--- Given data ---

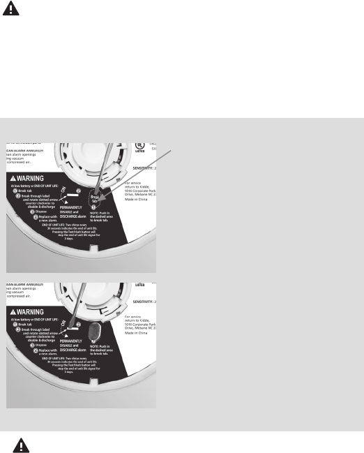 • Once discharged , the alarm will NO LONGER DETECT SMOKE.
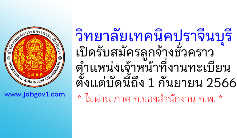 วิทยาลัยเทคนิคปราจีนบุรี รับสมัครลูกจ้างชั่วคราว ตำแหน่งเจ้าหน้าที่งานทะเบียน ตั้งแต่บัดนี้ถึง 1 กันยายน 2566
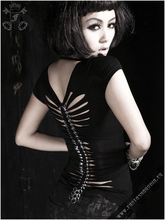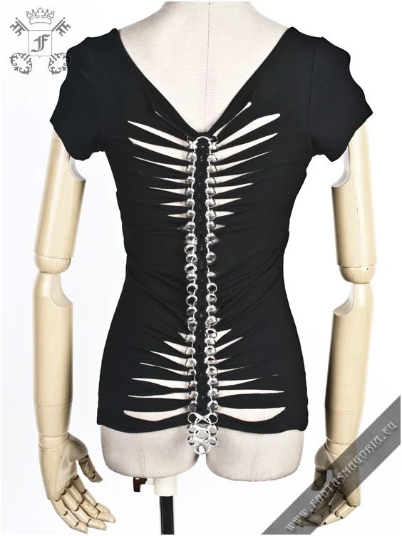 Exclusive back detail made of stylised steel ribs & torned fabric along the spine resembles the spine and ribs.

---

What the task requires: The material above holds pictures; copy everything else in it exactly.

Solution for this task:
 • Once discharged , the alarm will NO LONGER DETECT SMOKE.
 วิทยาลัยเทคนิคปราจีนบุรี รับสมัครลูกจ้างชั่วคราว ตำแหน่งเจ้าหน้าที่งานทะเบียน ตั้งแต่บัดนี้ถึง 1 กันยายน 2566
 Exclusive back detail made of stylised steel ribs & torned fabric along the spine resembles the spine and ribs.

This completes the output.